Bluesky Blames App Outage on ‘Sophisticated’ DDoS Attack

Related

Share

What happened

Bluesky attributed a widespread service outage on April 15, 2026 to a sustained DDoS attack that disrupted feeds, notifications, threads, and search functions across its platform. Engineers worked overnight to contain the attack, which intensified throughout the day before the service stabilized on April 16. Bluesky said the platform has remained stable since, despite ongoing attack traffic. No evidence of unauthorized access to private user data was found.

An Iran-linked hacker group calling itself 313 Team claimed responsibility via Telegram, saying it launched a “massive cyberattack” targeting Bluesky’s API. Bluesky has not publicly addressed the claim and had not responded to requests for comment at publication. Cybersecurity researchers have previously linked 313 Team to retaliatory cyber operations aligned with the interests of Iran-backed Shiite militias, with the group believed to operate out of Iraq and to target organizations associated with countries seen as supporting the United States or Israel.

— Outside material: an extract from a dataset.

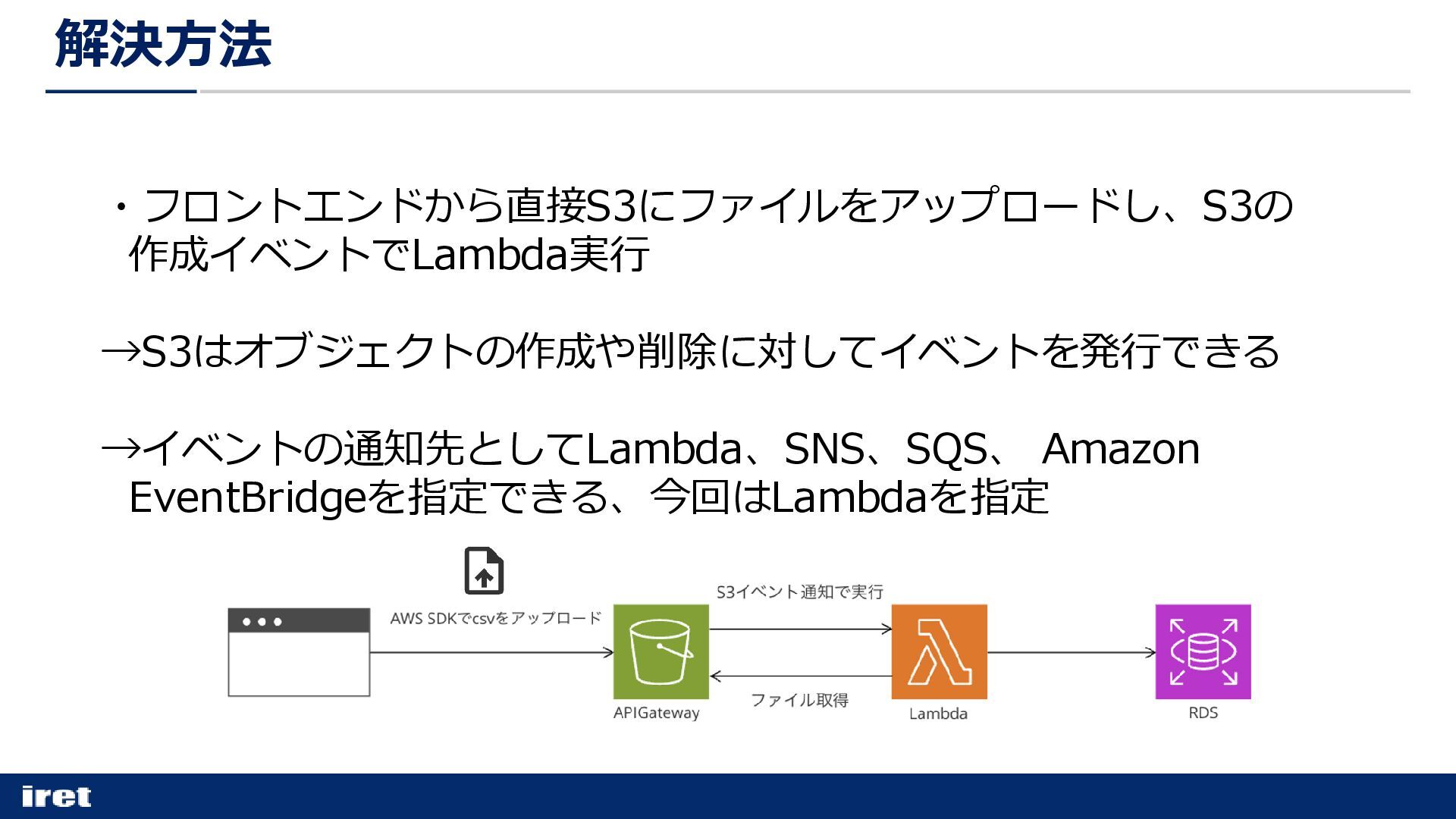 ・フロントエンドから直接S3にファイルをアップロードし、S3の 作成イベントでLambda実行 →S3はオブジェクトの作成や削除に対してイベントを発行できる →イベントの通知先としてLambda、SNS、SQS、 Amazon EventBridgeを指定できる、今回はLambdaを指定 解決方法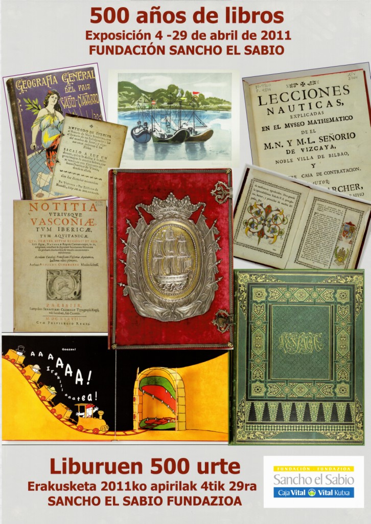 Título: 500 años de libros [Material gráfico] : exposición 4-29 de abril 2011 = Liburuen 500 urte : erakusketa 2011ko apirilak 4tik 29ra : Sancho el Sabio Fundazioa

Bluesky has grown to roughly 43.7 million users, driven in part by migration from X following the 2024 U.S. presidential election.

Who is affected

All Bluesky users experienced degraded or unavailable service during the outage period. The company confirmed no private data was accessed, so the impact was limited to availability. Organizations and individuals who rely on Bluesky for communications, brand presence, or monitoring during that window faced an unplanned disruption.

Why CISOs should care

The attribution claim here is unconfirmed, and Bluesky hasn’t addressed it. But the broader pattern is worth noting. Iran-linked groups have been increasingly active against Western-aligned platforms and infrastructure, and social media services are becoming more common targets as geopolitical tensions translate into digital pressure campaigns. For security leaders, the more operational question is how their organizations would handle a sudden loss of a communication platform they depend on, whether for internal coordination, public communications, or threat intelligence sharing.

3 practical actions

  1. Map communication platform dependencies for your incident response workflows: If Bluesky, X, or similar platforms are part of how your team shares threat intelligence or coordinates during incidents, identify backup channels now rather than during an outage.
  2. Monitor Iran-linked threat actor activity given current geopolitical conditions: With 313 Team and affiliated groups showing increased targeting of Western-associated platforms, factor this threat profile into your current risk assessments, particularly if your organization has visible ties to U.S. or Israeli interests.
  3. Review your organization’s own DDoS resilience posture: A platform with tens of millions of users experienced multi-day disruption from a sustained attack; use this as a prompt to validate whether your own public-facing infrastructure could absorb similar sustained volumetric pressure.